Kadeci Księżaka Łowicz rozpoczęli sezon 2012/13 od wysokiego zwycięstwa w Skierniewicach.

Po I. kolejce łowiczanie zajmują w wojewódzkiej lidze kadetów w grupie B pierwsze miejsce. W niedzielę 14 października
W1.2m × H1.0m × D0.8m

---

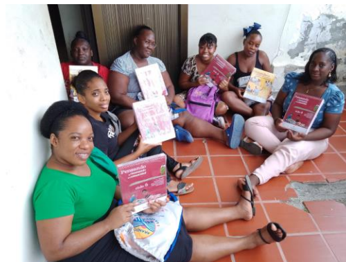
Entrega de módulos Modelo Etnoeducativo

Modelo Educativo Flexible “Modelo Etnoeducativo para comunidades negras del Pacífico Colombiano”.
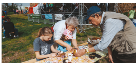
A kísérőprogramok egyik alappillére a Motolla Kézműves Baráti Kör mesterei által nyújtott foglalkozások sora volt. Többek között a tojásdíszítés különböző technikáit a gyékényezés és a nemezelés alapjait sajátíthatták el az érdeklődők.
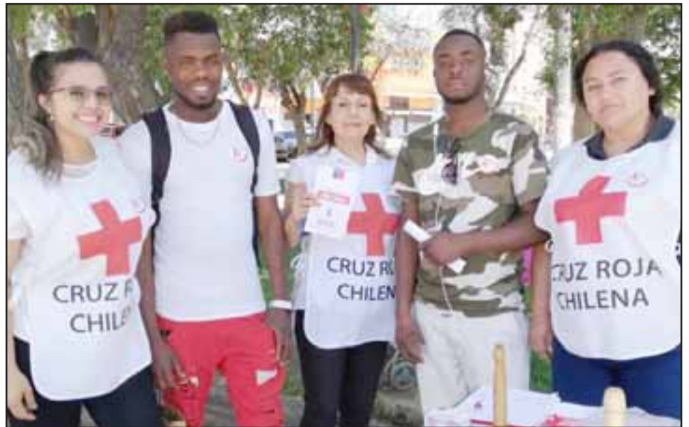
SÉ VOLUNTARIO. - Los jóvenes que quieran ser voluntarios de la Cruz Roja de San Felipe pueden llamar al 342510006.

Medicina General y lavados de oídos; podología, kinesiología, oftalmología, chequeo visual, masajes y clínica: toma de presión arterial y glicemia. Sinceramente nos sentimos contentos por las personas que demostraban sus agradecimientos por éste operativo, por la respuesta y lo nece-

◆ **Problem to solve**
Within the listing above, the stretch from the line with "Entrega de módulos Modelo Etnoeducativo" down to the line with "Medicina General y" is to be given again exactly, end lines included and pictures excluded.

◆ **Response to the exercise**
Entrega de módulos Modelo Etnoeducativo

Modelo Educativo Flexible “Modelo Etnoeducativo para comunidades negras del Pacífico Colombiano”.
A kísérőprogramok egyik alappillére a Motolla Kézműves Baráti Kör mesterei által nyújtott foglalkozások sora volt. Többek között a tojásdíszítés különböző technikáit a gyékényezés és a nemezelés alapjait sajátíthatták el az érdeklődők.
SÉ VOLUNTARIO. - Los jóvenes que quieran ser voluntarios de la Cruz Roja de San Felipe pueden llamar al 342510006.

Medicina General y lavados de oídos; podología, kinesiología, oftalmología, chequeo visual, masajes y clínica: toma de presión arterial y glicemia. Sinceramente nos sentimos contentos por las personas que demostraban sus agradecimientos por éste operativo, por la respuesta y lo nece-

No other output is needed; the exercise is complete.